Your task:
In the listing below, find the line containing "織柄無地 リッケンバッカー 通年" and the line containing "Portable 200W Pixel", then copy exactly everything from the first through the second, except the pictures.

Task inputs:
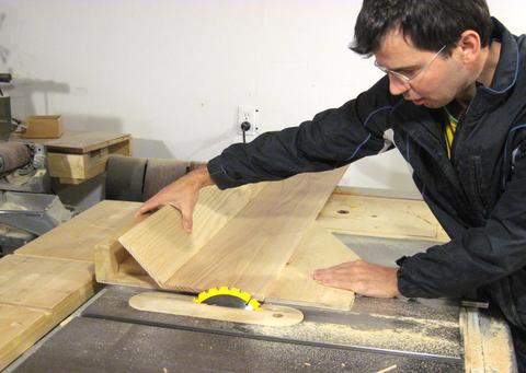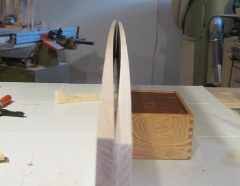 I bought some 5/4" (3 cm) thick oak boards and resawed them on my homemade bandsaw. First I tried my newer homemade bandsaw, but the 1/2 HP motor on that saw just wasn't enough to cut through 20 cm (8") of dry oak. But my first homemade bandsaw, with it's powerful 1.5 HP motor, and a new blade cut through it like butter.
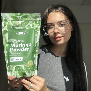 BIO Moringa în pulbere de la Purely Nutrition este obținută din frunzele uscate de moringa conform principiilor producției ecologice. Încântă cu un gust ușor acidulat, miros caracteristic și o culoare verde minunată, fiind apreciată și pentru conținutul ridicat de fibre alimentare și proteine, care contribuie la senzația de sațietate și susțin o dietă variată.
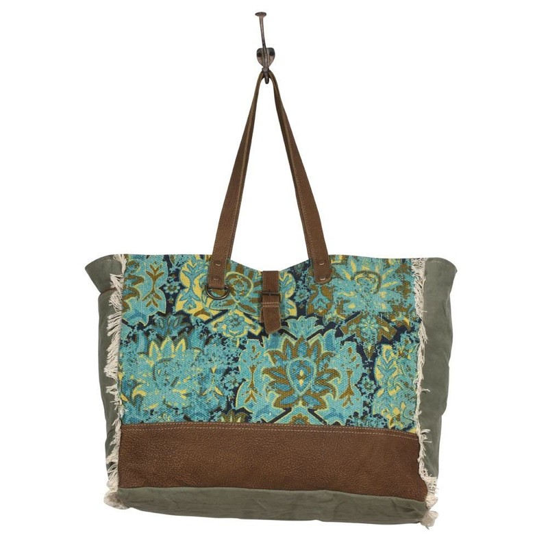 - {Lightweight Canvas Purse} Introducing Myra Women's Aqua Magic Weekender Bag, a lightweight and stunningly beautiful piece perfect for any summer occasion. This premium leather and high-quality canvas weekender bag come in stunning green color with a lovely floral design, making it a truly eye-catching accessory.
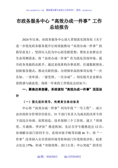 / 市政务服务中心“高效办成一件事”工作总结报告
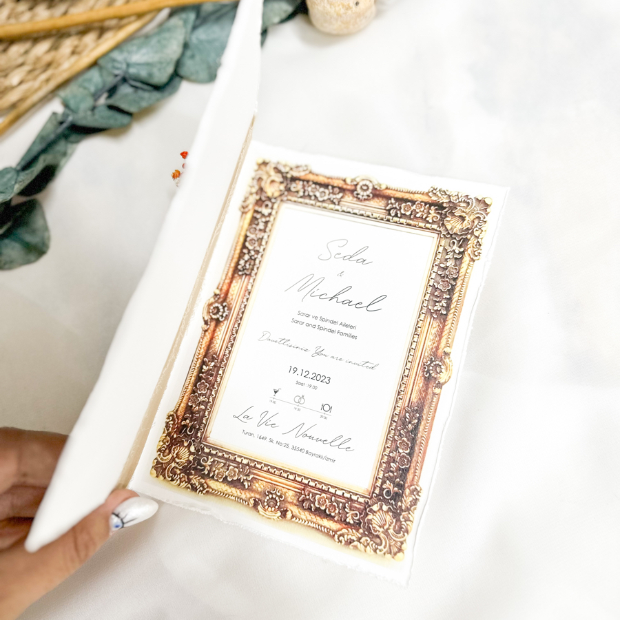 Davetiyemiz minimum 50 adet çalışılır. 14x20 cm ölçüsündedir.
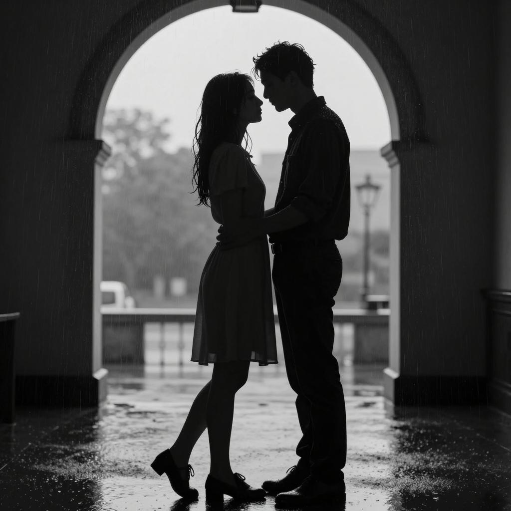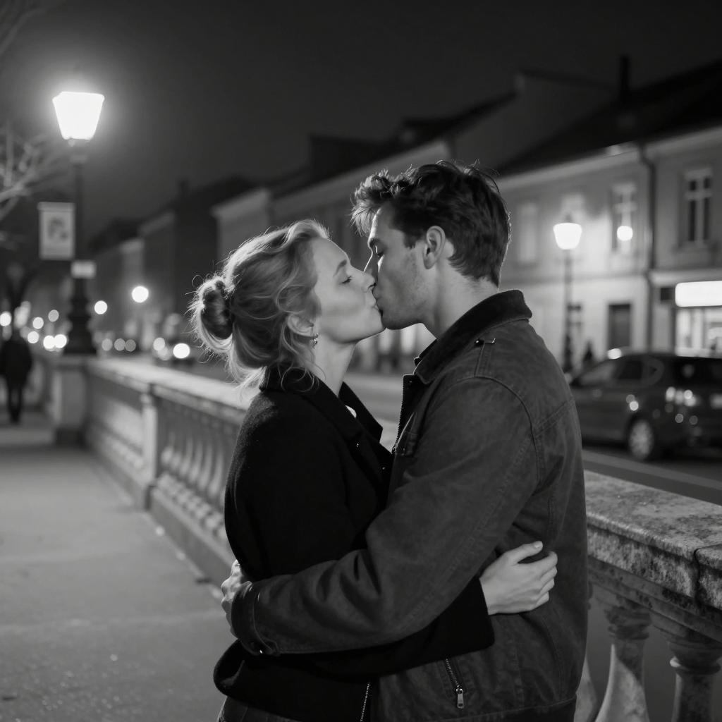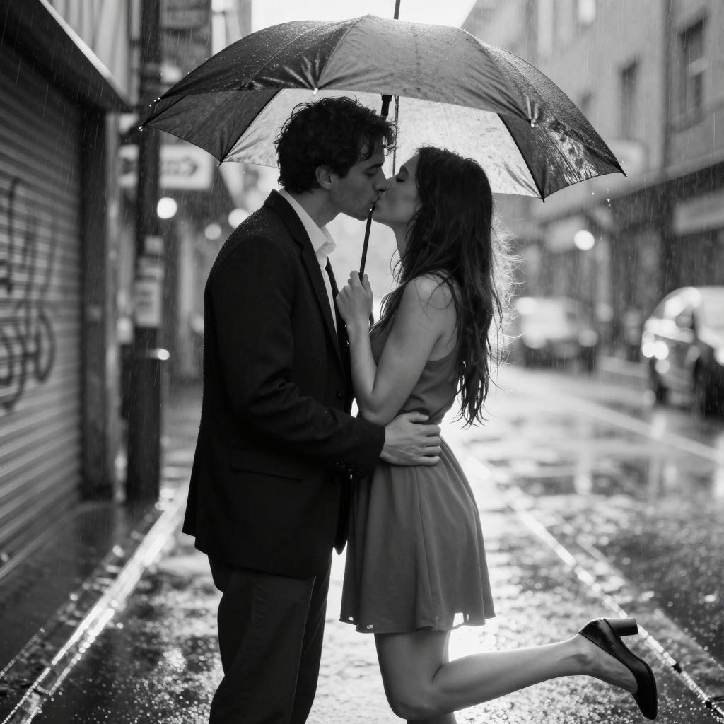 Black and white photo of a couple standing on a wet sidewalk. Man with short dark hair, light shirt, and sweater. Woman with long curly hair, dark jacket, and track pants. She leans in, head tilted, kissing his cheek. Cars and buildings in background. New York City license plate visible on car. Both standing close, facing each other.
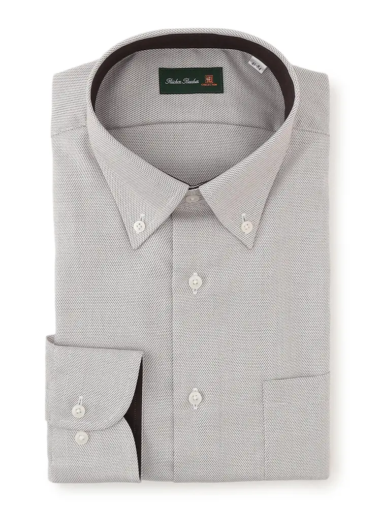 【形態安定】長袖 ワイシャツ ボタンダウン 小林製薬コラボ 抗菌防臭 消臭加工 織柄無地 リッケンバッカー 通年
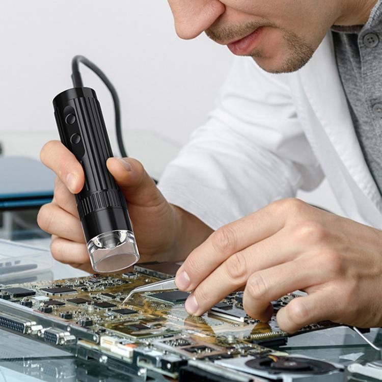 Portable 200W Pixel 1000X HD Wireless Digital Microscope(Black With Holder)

...

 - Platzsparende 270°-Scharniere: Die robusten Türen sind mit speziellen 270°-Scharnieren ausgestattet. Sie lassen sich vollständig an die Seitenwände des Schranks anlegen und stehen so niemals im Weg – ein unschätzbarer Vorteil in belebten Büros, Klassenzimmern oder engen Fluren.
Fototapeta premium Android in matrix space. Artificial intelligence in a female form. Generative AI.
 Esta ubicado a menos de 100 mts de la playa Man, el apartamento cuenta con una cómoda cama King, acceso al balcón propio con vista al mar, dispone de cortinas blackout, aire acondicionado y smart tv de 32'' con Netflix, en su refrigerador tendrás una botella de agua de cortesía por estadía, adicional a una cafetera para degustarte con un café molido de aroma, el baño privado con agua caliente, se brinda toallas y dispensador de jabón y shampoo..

--

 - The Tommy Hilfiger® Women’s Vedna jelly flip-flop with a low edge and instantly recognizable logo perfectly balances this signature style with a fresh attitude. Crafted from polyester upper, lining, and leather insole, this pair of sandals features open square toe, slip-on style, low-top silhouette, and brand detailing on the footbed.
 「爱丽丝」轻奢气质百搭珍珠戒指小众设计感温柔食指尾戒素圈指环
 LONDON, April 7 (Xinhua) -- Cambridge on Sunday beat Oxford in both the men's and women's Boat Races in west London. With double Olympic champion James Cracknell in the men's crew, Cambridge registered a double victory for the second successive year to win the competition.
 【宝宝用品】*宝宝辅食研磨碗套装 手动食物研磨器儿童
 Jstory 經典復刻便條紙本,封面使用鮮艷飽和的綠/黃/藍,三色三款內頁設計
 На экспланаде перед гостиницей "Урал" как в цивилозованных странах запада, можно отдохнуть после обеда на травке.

Solved problem:
 【形態安定】長袖 ワイシャツ ボタンダウン 小林製薬コラボ 抗菌防臭 消臭加工 織柄無地 リッケンバッカー 通年
 Portable 200W Pixel 1000X HD Wireless Digital Microscope(Black With Holder)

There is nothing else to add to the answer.